Hydrochlorothiazide crosses the placental but not the blood-brain barrier and excretion in breast milk.

Valsartan-Hydrochlorothiazide: System Availability hydrochlorothiazide reduced by about 30% when coadministered with valsartan. In kinetics valsartan not markedly affected by the coadministration of hydrochlorothiazide. This interaction has no effect on the combined use of valsartan and hydrochlorothiazide.

Pharmacodynamics: Valsartan: Valsartan prevents the pressor effect of angiotensin II infusion. An oral dose of 80 mg inhibits pressor effect by about 80% at peak about 30% inhibition occurred in 24 hours.

After one oral dose, the antihypertensive activity valsartan has begun for about 2 hours and peaks during the 4 to 6 hours in most patients.

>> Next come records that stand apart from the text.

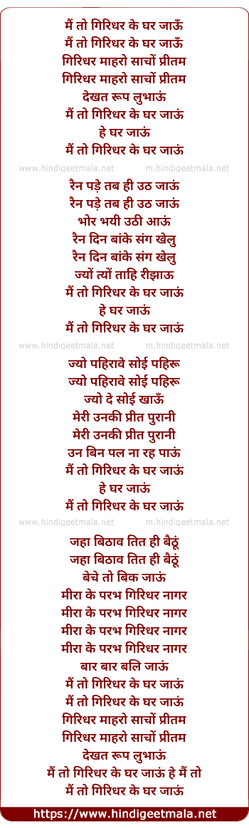 Lyrics of Mai To Girdhar Ke Ghar Jau - मैं तो गिरिधर के घर जाऊँ
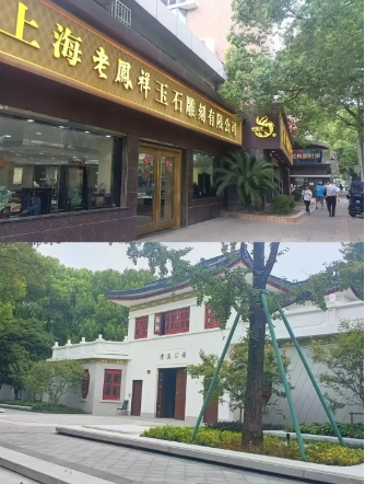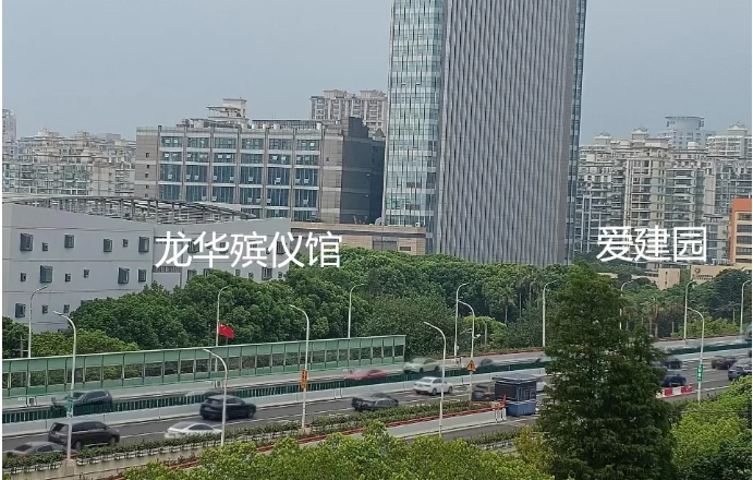 龙华殡仪馆附近1、200米范围内都是老凤祥金楼、航天商业大厦、全季酒店这种商业楼
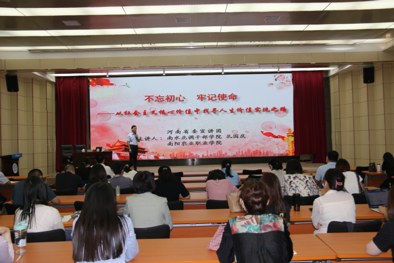 此次讲座特邀南阳农业职业学院校长孔国庆教授作现场宣讲,学校党委副书记、工会主席徐宏平主持会议。讲座采取线上线下相结合的方式召开,马克思主义学院专兼职思政课教师和其它教学院部的代表参加。
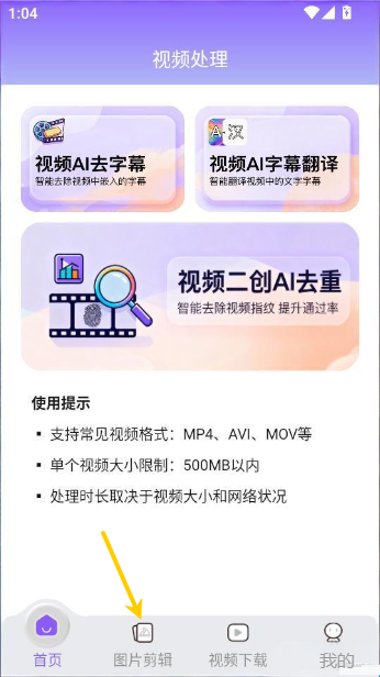 1、进入软件的首页界面后,在底部菜单栏中点击“图片剪辑”按钮来进行下一步。
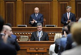 Инаугурация президента Украины Петра Порошенко прошла в Верховной Раде Украины. Президент Украины Петр Порошенко (справа) во время инаугурации.
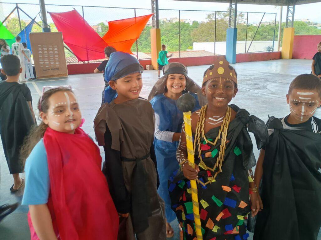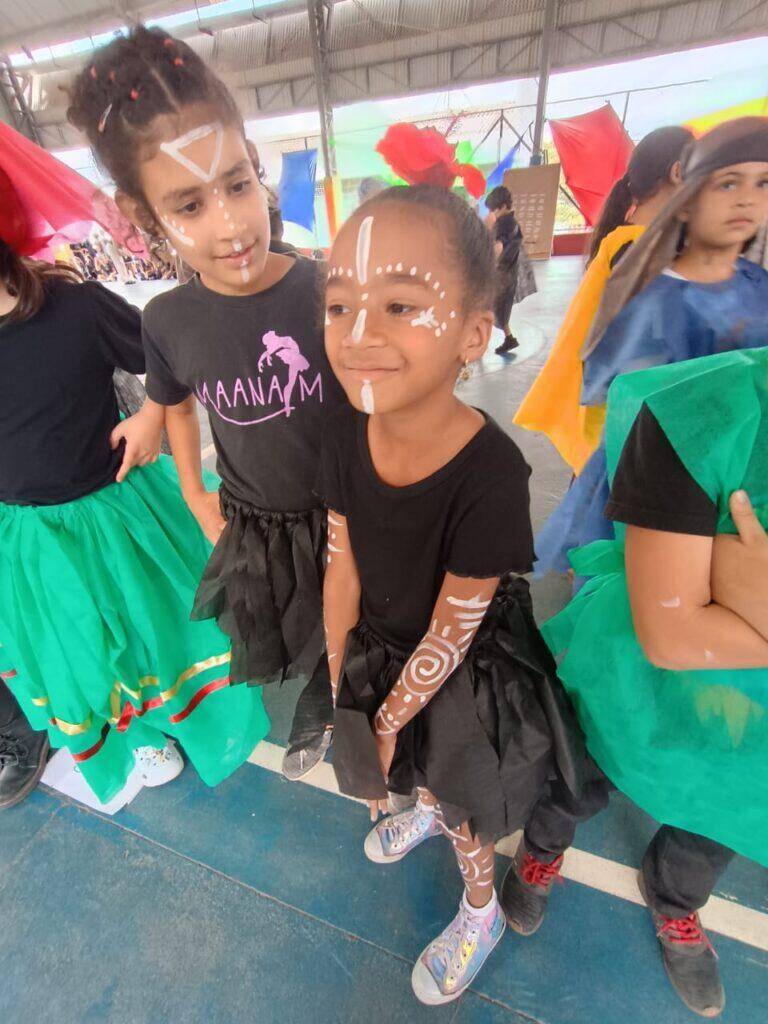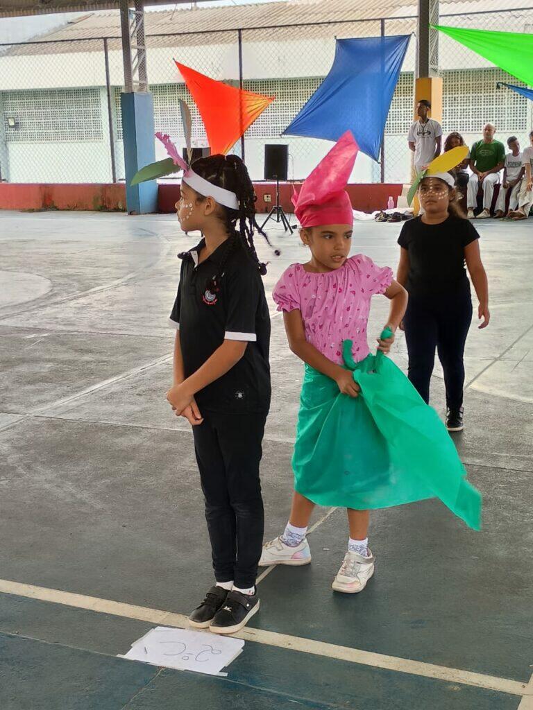 As apresentações ocorreram em dois períodos. Pela manhã, sob a condução dos Arte-Educadores Francisco e Alessandra, as crianças cantaram e dançaram “O Canto das Três Raças”, com a presença e participação de familiares, tornando o momento ainda mais especial.
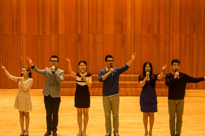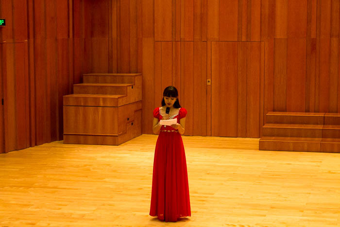 尽管大雨挡住了一些同学前来观看表演的脚步,但是晚上7点半左右,在艺术学院的音乐厅内仍坐了半数左右前来静静聆听这场“面朝大海,春暖花开”的朗诵专场的观众。
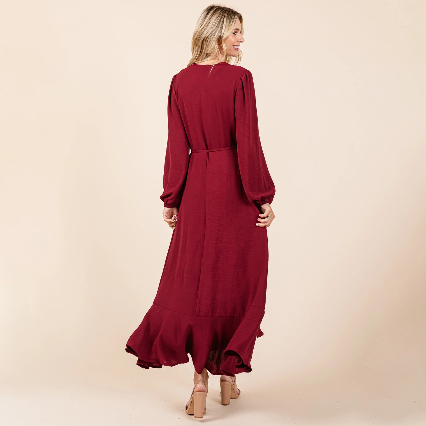 Indulge in elegance with The Rubi Maxi Dress. Featuring a cascading ruffle hem and a flattering tie waist, this V-neck dress is both luxurious and versatile. With elastic cuffs and a lightweight stretchy fabric, it's perfect for wedding guest attire or a statement look for any occasion.

In the antihypertensive effect of valsartan remains within 24 hours after dosing. Drain / peak ratio varies from 0.54 to 0.76. Valsartan reduces blood pressure in hypertensive patients without affecting heart rate.

In the course of repeated dosing, the maximum reduction in blood pressure in a dose is usually achieved within 4 weeks and maintained during long-term therapy. Combinations with hydrochlorothiazide produce additional reduction in blood pressure.

There was no apparent effect of a sharp rebound after the withdrawal of valsartan therapy.

Although the available data to date indicate a similar pharmacodynamic effect of valsartan in black and white hypertensive patients, it should be viewed with caution because antihypertensive drugs affecting the renin-angiotensin system, such as ACE inhibitors and angiotensin II receptor blockers AT 1, as a whole it was found that less effective in low-renin AG (often black).

Hydrochlorothiazide: Top of the diuretic action following oral administration occurs in 2 hours and peak action in about 4 hours. Diuretic activity lasts for about 6 to 12 hours.

Valsartan-Hydrochlorothiazide: Components of Diovan HCT-found that the additive effect on lowering blood pressure, lowering blood pressure, more so than any component used alone.
Diovan hct
In the antihypertensive effect of Diovan HCT-supported 24 - hour period. In clinical studies of at least 1 year duration, the antihypertensive effect is maintained at a constant therapy. Despite a significant reduction of blood pressure, administration of Diovan HCT-has no clinically significant effect on heart rate.